When treating neurological disorders, such as Parkinson’s disease, doctors have generally relied on drug discoveries, but this is often a costly and lengthy process. With the significant personal and societal costs incurred by such disorders there’s an imperative to invest in alternative approaches to treatment. 

Bioelectronics work directly with the body’s own nervous system to monitor brain signals and, as needed, tweak the electrical activity within nerves to alleviate symptoms of diseases. Despite clinical success in treating symptoms of diseases like Parkinson’s, existing bioelectronic systems have several limitations that arguably limit their adoption. For example, currently a skilled surgeon is required to implant the system in a patient, and the system’s output is inflexible in contrast to the rapidly changing and reactive activity of the nervous system.

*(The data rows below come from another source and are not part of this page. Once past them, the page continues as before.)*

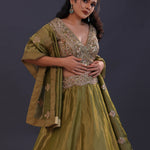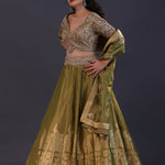 The mehendi green tissue banarasi embroidered lehenga set with dupatta and a raw silk blouse for a stunning and gracious look.
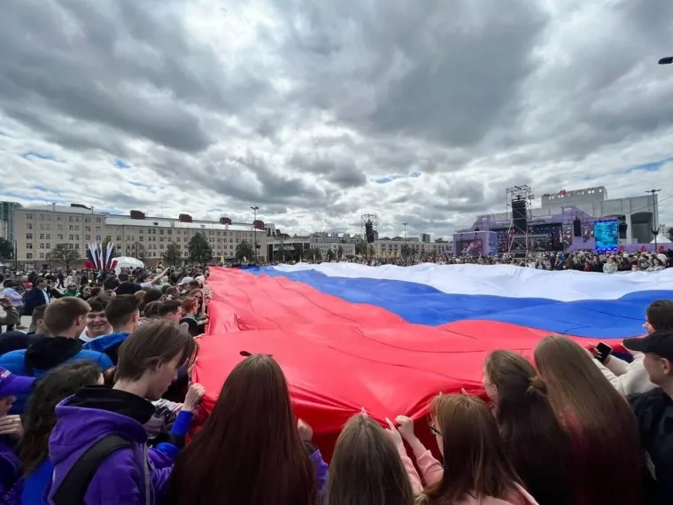16:42 На площади перед Театром-Театром пермяки развернули флаг России размером 30 на 60 метров, сообщает сайт «Единой России».
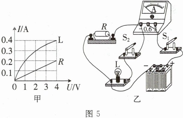 7. 图5甲是小灯泡L和电阻R的电流随电压变化的图像,将它们按图5乙所示接入电路中。当闭合开关$S_{1}和S_{2}$时,小灯泡的实际功率为1.6 W,则电源电压$U= $

The microelectronic basis and digital programmability of bioelectronic systems means that there is huge potential for flexibility in both research and future medical device design. Emerging technology offers the possibility of building restorative neural systems which are adaptable and programmable for various diseases, as well as specifically for individuals. The codes used to programme the systems can be modified as scientific understanding of the brain evolves, and also be used to rapidly respond to physiological fluctuations within the body. But to realize this potential, we first need a better understanding of how the brain functions and responds to bioelectronic interventions.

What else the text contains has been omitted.